Published: 22 April 2013

Abstract

Background

In recent years more than 20 assemblers have been proposed to tackle the hard task of assembling NGS data. A common heuristic when assembling a genome is to use several assemblers and then select the best assembly according to some criteria. However, recent results clearly show that some assemblers lead to better statistics than others on specific regions but are outperformed on other regions or on different evaluation measures. To limit these problems we developed GAM-NGS (Genomic Assemblies Merger for Next Generation Sequencing), whose primary goal is to merge two or more assemblies in order to enhance contiguity and correctness of both. GAM-NGS does not rely on global alignment: regions of the two assemblies representing the same genomic locus (called blocks) are identified through reads' alignments and stored in a weighted graph. The merging phase is carried out with the help of this weighted graph that allows an optimal resolution of local problematic regions.

Results

GAM-NGS has been tested on six different datasets and compared to other assembly reconciliation tools. The availability of a reference sequence for three of them allowed us to show how GAM-NGS is a tool able to output an improved reliable set of sequences. GAM-NGS is also a very efficient tool able to merge assemblies using substantially less computational resources than comparable tools. In order to achieve such goals, GAM-NGS avoids global alignment between contigs, making its strategy unique among other assembly reconciliation tools.

Conclusions

The difficulty to obtain correct and reliable assemblies using a single assembler is forcing the introduction of new algorithms able to enhance de novo assemblies.

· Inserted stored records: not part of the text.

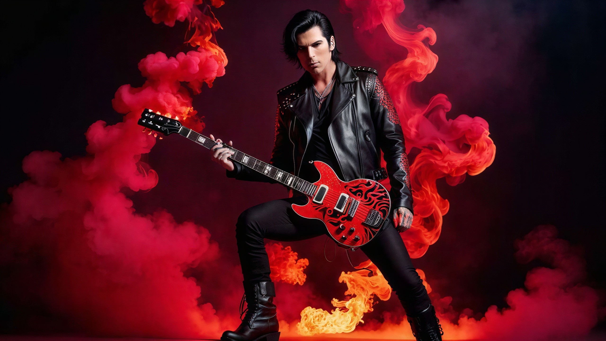 A dark-haired man in a black rockstar outfit, consisting of a spiked leather jacket, black shirt, and black pants, stands in a dynamic pose holding a red electric guitar with a black tribal flame design. He is facing forward, looking intensely at the viewer, with his right foot slightly forward
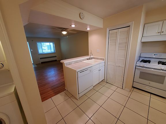 Includes stove, refrigerator, dishwasher, stacked washer and dryer, blinds, hardwood floors, carpet and tile and assigned off-street parking.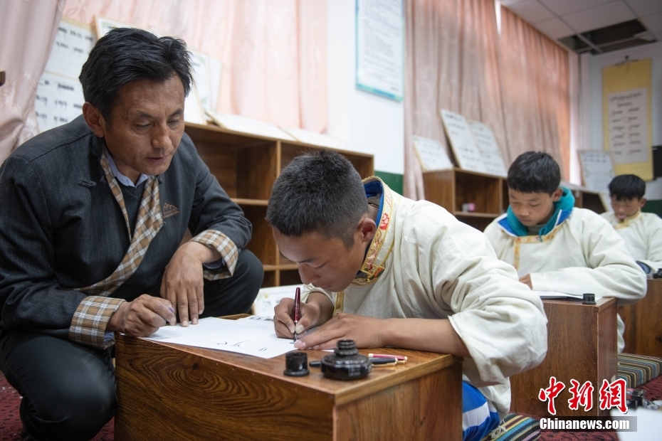 5月7日,西藏山南市,加查縣中學(xué)藏文書(shū)法興趣班的教師扎西達(dá)瓦(左一)對(duì)學(xué)生進(jìn)行指導(dǎo)。該興趣班由2名藏文教師任教,每周兩課時(shí),利用自習(xí)課或晚自習(xí)時(shí)間為學(xué)生和教師授課。課程內(nèi)容包含執(zhí)筆、運(yùn)筆、姿勢(shì)等基礎(chǔ)書(shū)寫(xiě)技能,以及藏文中的烏金體、珠擦體、簇仁體、簇通體等各類(lèi)字體的書(shū)寫(xiě)方法。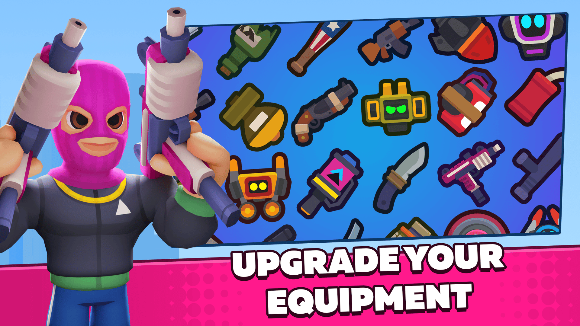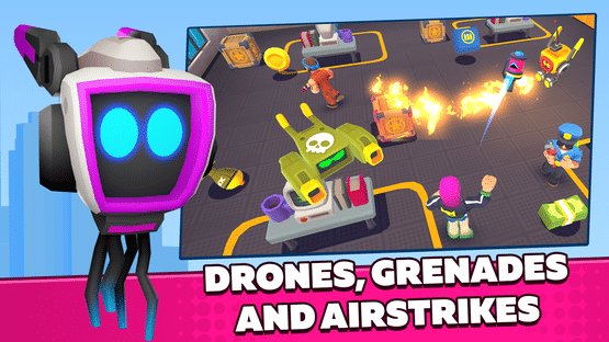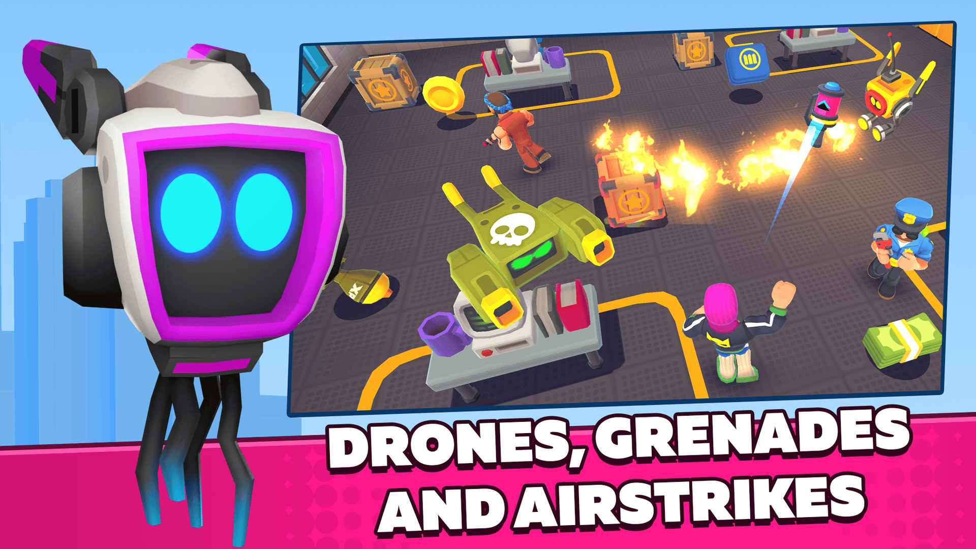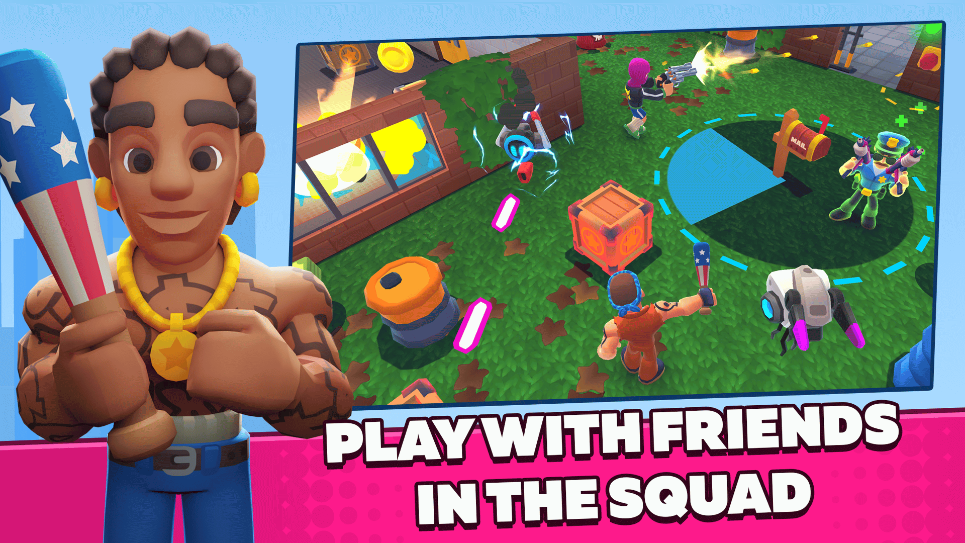 Battle against thousands in HAPPY ZONE! Upgrade characters, unleash drones and airstrikes, collect loot, and outlast 12 players to be the sole survivor. Team up with friends and climb the leaderboard to become a legend!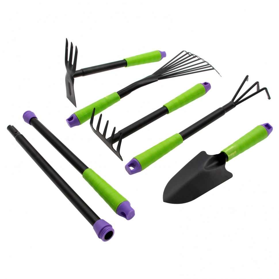 Комплектация: Мотыжка - 1 шт, Рыхлитель 3-зубый - 1 шт, Совок - 1 шт, Грабли 9-зубые - 1 шт, Грабли 5-зубые - 1 шт, Рукоятка - 1 шт, Штанга - 1 шт, Упаковка - 1 штПроизводитель: ООО "Мир инструмента", Россия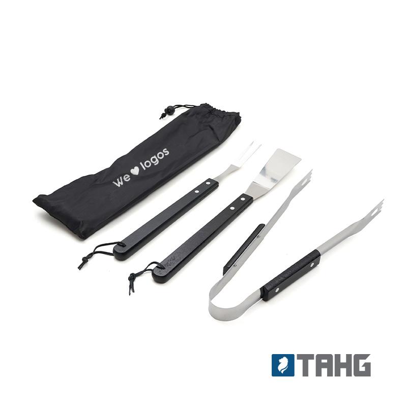 Descripción general del producto: Set para barbacoa de madera y acero inoxidable.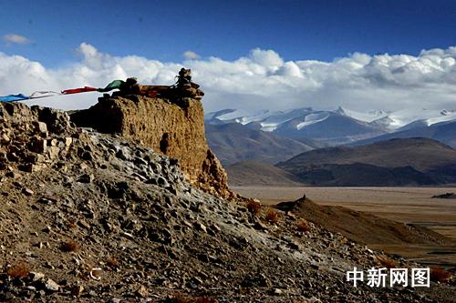 崗嘎鎮(zhèn)黨委書記達瓦次仁告訴我們,這座山名為“崗嘎山”。在山頂,碎石遍布,但還能清晰地看出關帝廟墻腳的走向。山頭懸崖處,是藏民擺放的瑪尼堆,還有迎風飛舞的五彩經(jīng)幡。放眼望去,幾十公里外,就是綿延不斷的珠穆朗瑪群峰。

GAM-NGS is a tool able to merge two or more assemblies in order to improve contiguity and correctness. It can be used on all NGS-based assembly projects and it shows its full potential with multi-library Illumina-based projects. With more than 20 available assemblers it is hard to select the best tool. In this context we propose a tool that improves assemblies (and, as a by-product, perhaps even assemblers) by merging them and selecting the generating that is most likely to be correct.